Singulier portrait de l’apôtre de la non-violence que dresse Gilbert Sinoué dans cette « Nuit de Maritzburg »: un être d’une autorité despotique mais surtout un homme amoureux. Mohandas Karamchand Gandhi exerce la profession d’avocat en Afrique du Sud où il vit avec sa famille depuis plus d’une dizaine d’années lorsqu’il rencontre, Hermann Kallenbach, un architecte juif allemand talentueux et réputé. L’entente entre les deux hommes est immédiate. Eclot alors une passion totale.

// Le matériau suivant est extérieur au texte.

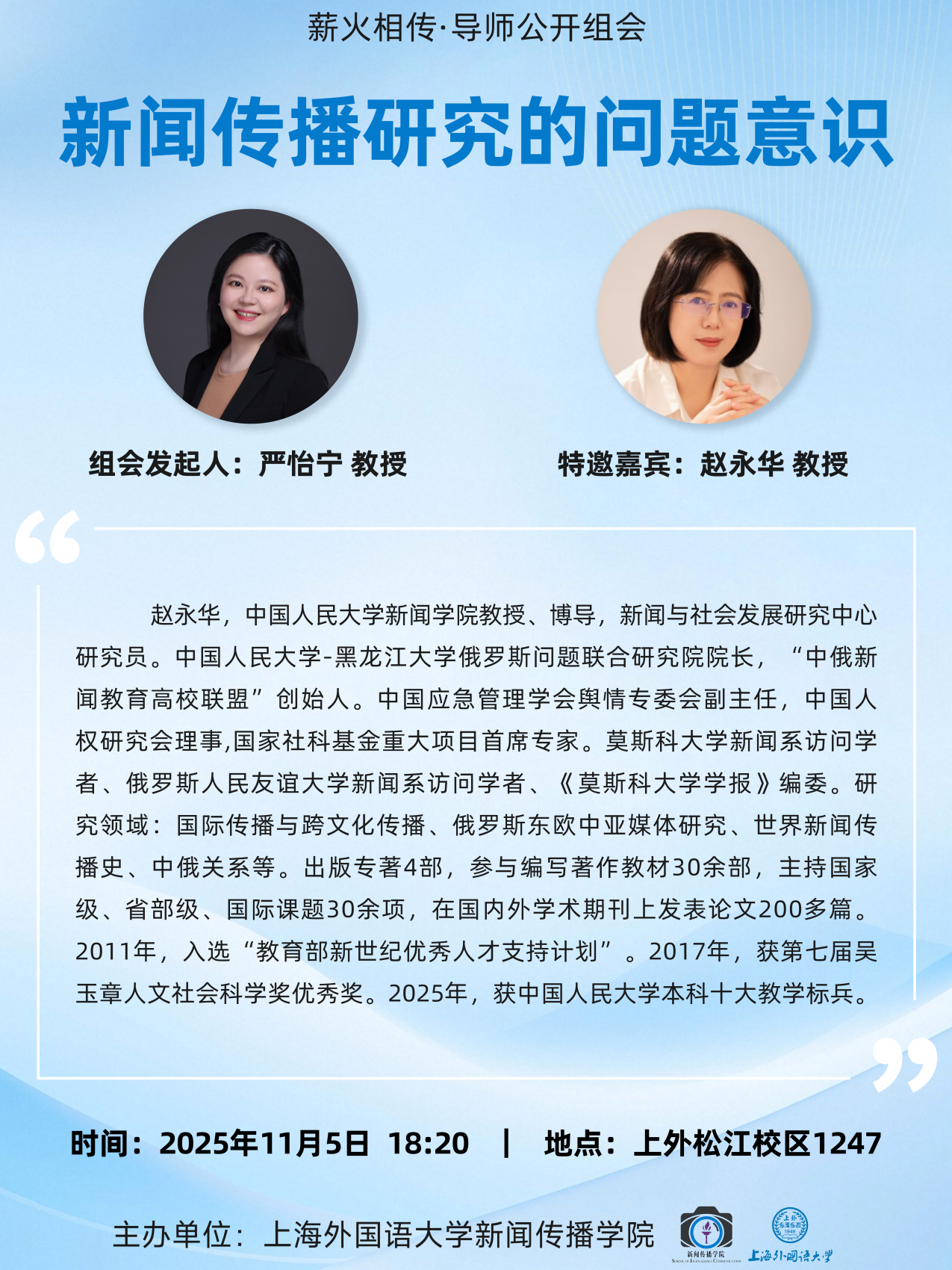 赵永华,中国人民大学新闻学院教授、博导,新闻与社会发展研究中心研究员。中国人民大学-黑龙江大学俄罗斯问题联合研究院院长,“中俄新闻教育高校联盟”创始人。中国应急管理学会舆情专委会副主任,中国人权研究会理事,国家社科基金重大项目首席专家。莫斯科大学新闻系访问学者、俄罗斯人民友谊大学新闻系访问学者、《莫斯科大学学报》编委。研究领域:国际传播与跨文化传播、俄罗斯东欧中亚媒体研究、世界新闻传播史、中俄关系等。出版专著4部,参与编写著作教材30余部,主持国家级、省部级、国际课题30余项,在国内外学术期刊上发表论文200多篇。 2011年,入选“教育部新世纪优秀人才支持计划”。2017年,获第七届吴玉章人文社会科学奖优秀奖。2025年,获中国人民大学本科十大教学标兵。

En ces années 1903-04, l’Afrique du Sud n’a pas les contours politiques qu’elle possède aujourd’hui. Quatre colonies la composent : le Cap, le Natal et depuis la signature en 1902 du traité de Vereeniging, l’Etat libre d’Orange et le Transvaal. Les Britanniques et la Guerre des Boers sont passés par là. En prohibant toute union entre femmes blanches et hommes de couleur,
le Transvaal prône la ségrégation raciale mais fait un pas supplémentaire en souhaitant instituer le « Black Act » ou Loi Noire selon laquelle « tous les Indiens de cette colonie doivent se faire enregistrer en donnant leurs empreintes digitales. Ils sont également dans l’obligation d’avoir sur eux un certificat et de le produire sur demande sous peine d’amendes, d’emprisonnement voire de déportation. » Mesures qui ressemblent étrangement à celles édictées plus tard par l’Allemagne Nazie à l’encontre de la communauté juive.
Gandhi ne peut que se dresser contre cette disposition inique qu’il va affronter avec une arme redoutable : « l’ahimsa » ou « le refus absolu de la violence », la résistance passive. Dans cette confrontation avec le pouvoir, il entraîne sa famille, Hermann et des milliers d’Indiens, corseté dans un engagement de fer. Personne de son entourage ne résistera à son emprise implacable. Il fourbit en fait ses armes avant son grand combat contre l’empire britannique, qui verra l’Indépendance de l’Inde mais aussi sa partition avec le Pakistan.
S’appuyant sur des documents authentiques et méconnus, lettres brûlantes des deux protagonistes, Gilbert Sinoué présente une facette inattendue de Gandhi juste avant qu’il ne devienne cette icone politique, « Le Mahatma ». Très vivant et incarné, ce document prend des allures romanesques et présente au plus près la lutte politique, la personnalité de ces deux hommes unis par une relation fusionnelle, évoquée avec pudeur et délicatesse et le talent de Gilbert Sinoué nous donne l’impression de vivre dans l’intimité de Gandhi le temps de ces 450 pages.